**Problem requirements**
Quote every line below exactly and skip any picture.

**Information provided**

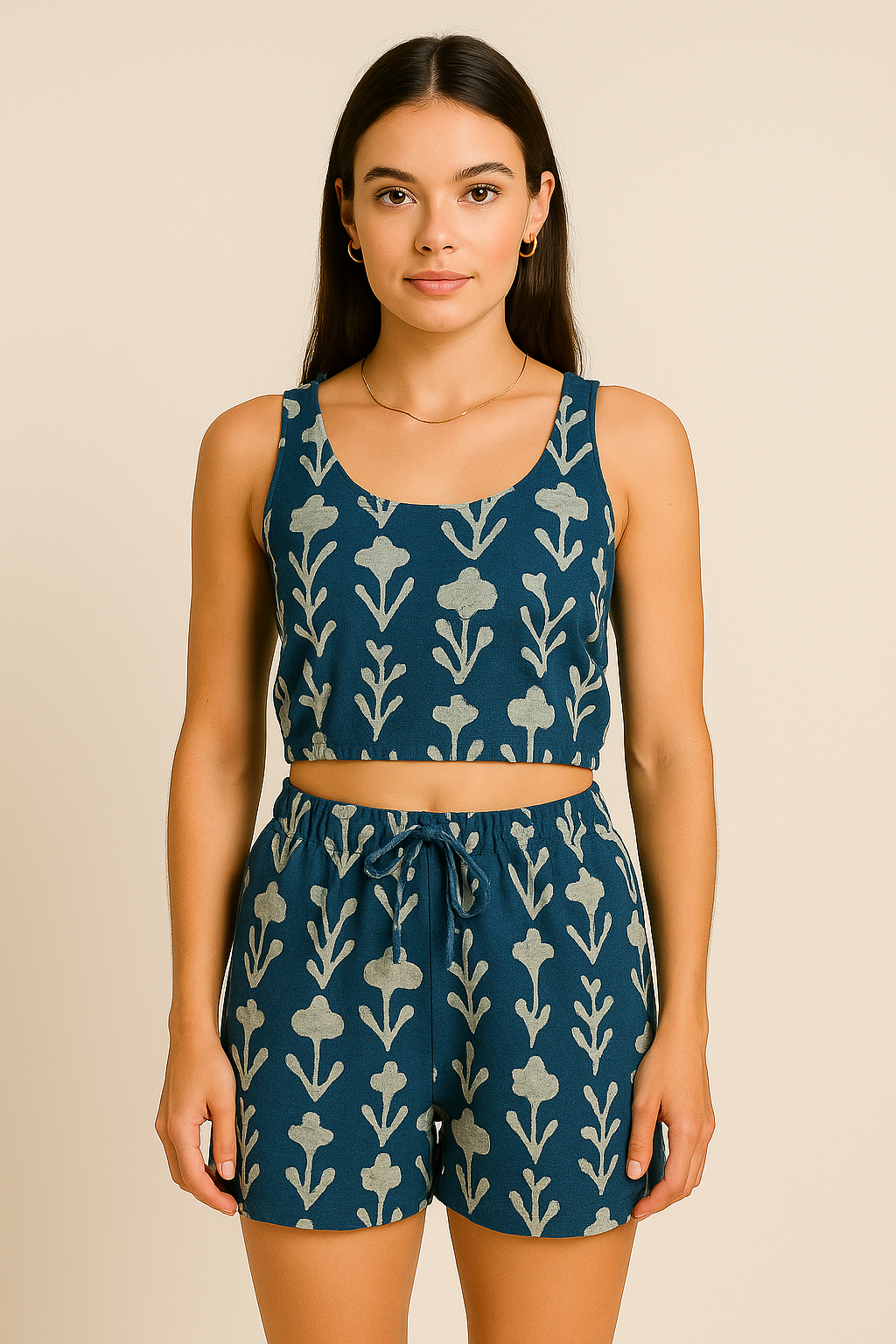 A sleeveless indigo crop top featuring a scoop neckline and all-over botanical handblock print. Tailored for a relaxed fit, perfect for sunny days and easy layering.
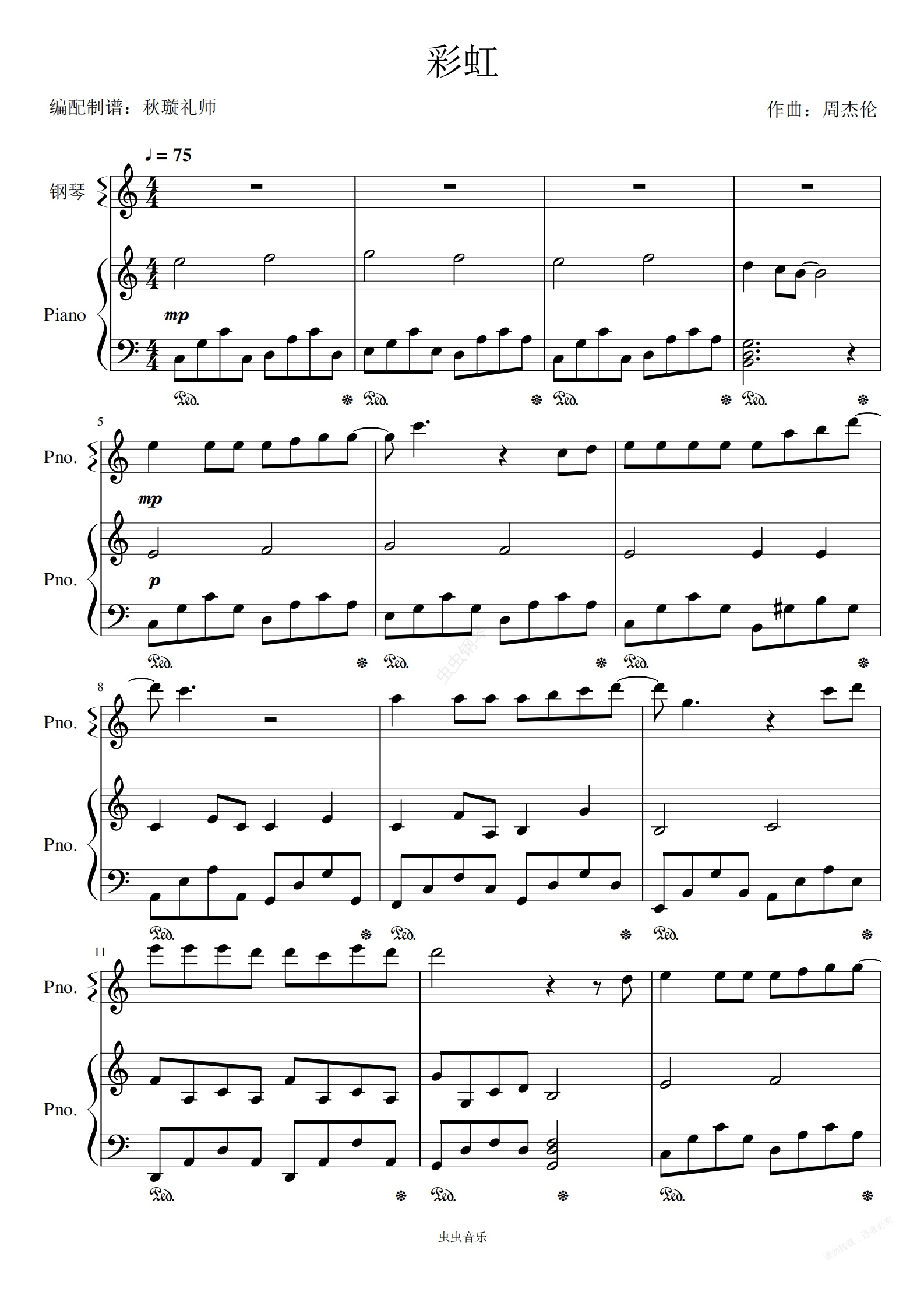 钢琴谱:彩虹-周杰伦[杰迷弹唱版]
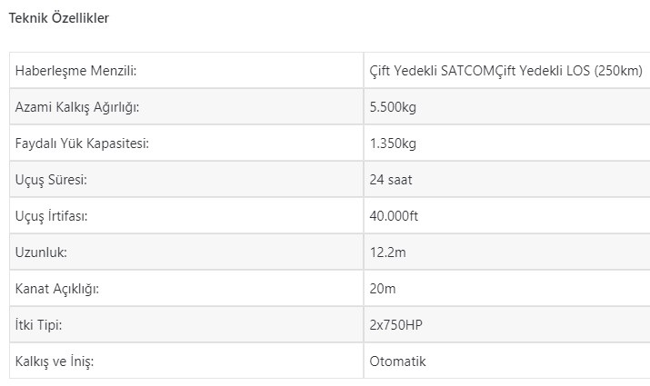 Kendine özgü bükümlü kanat yapısıyla 20 metrelik bir kanat açıklığına ve çok sayıda mühimmat istasyonuna sahip olacak AKINCI; 40.000ft irtifada 24 saat boyunca havada kalabilecek ve 1.350 kilogram faydalı yük taşıyabilecektir. Taşıdığı elektronik destek podu, uydu haberleşme sistemleri, hava-hava radarları, engel tespit radarı, sentetik açıklıklı radar gibi çok daha gelişmiş faydalı yüklerle görev yapacak sistem, hava-yer ve hava-hava angajmanı gerçekleştirebilecektir.
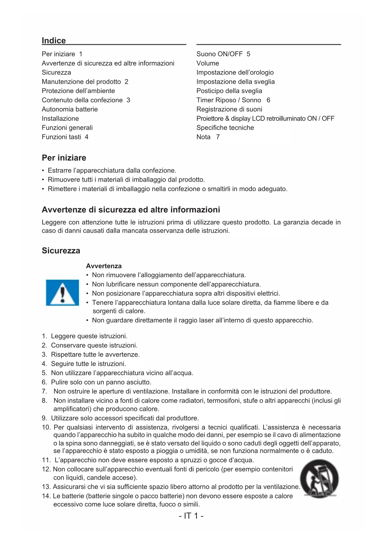 INTERO IL PRESENTE MANUALE E CONSERVARLO PER CONSULTAZIONI FUTURE. IT- IT 1 - Indice Per iniziare 1 Avvertenze di sicurezza ed altre informazioni Sicurezza Manutenzione del prodotto 2 Protezione dell’ambiente Contenuto della confezione 3 Autonomia batterie Installazione Funzioni generali Funzioni tasti 4 Suono ON/OFF 5 Volume Impostazione dell’orologio Impostazione della sveglia Posticipo della sveglia Timer Riposo / Sonno 6 Registrazione di suoni Proiettore & display LCD retroilluminato ON / OFF Specichetecniche Nota 7 Per iniziare

**Reply**
 A sleeveless indigo crop top featuring a scoop neckline and all-over botanical handblock print. Tailored for a relaxed fit, perfect for sunny days and easy layering.
 钢琴谱:彩虹-周杰伦[杰迷弹唱版]
 Kendine özgü bükümlü kanat yapısıyla 20 metrelik bir kanat açıklığına ve çok sayıda mühimmat istasyonuna sahip olacak AKINCI; 40.000ft irtifada 24 saat boyunca havada kalabilecek ve 1.350 kilogram faydalı yük taşıyabilecektir. Taşıdığı elektronik destek podu, uydu haberleşme sistemleri, hava-hava radarları, engel tespit radarı, sentetik açıklıklı radar gibi çok daha gelişmiş faydalı yüklerle görev yapacak sistem, hava-yer ve hava-hava angajmanı gerçekleştirebilecektir.
 INTERO IL PRESENTE MANUALE E CONSERVARLO PER CONSULTAZIONI FUTURE. IT- IT 1 - Indice Per iniziare 1 Avvertenze di sicurezza ed altre informazioni Sicurezza Manutenzione del prodotto 2 Protezione dell’ambiente Contenuto della confezione 3 Autonomia batterie Installazione Funzioni generali Funzioni tasti 4 Suono ON/OFF 5 Volume Impostazione dell’orologio Impostazione della sveglia Posticipo della sveglia Timer Riposo / Sonno 6 Registrazione di suoni Proiettore & display LCD retroilluminato ON / OFF Specichetecniche Nota 7 Per iniziare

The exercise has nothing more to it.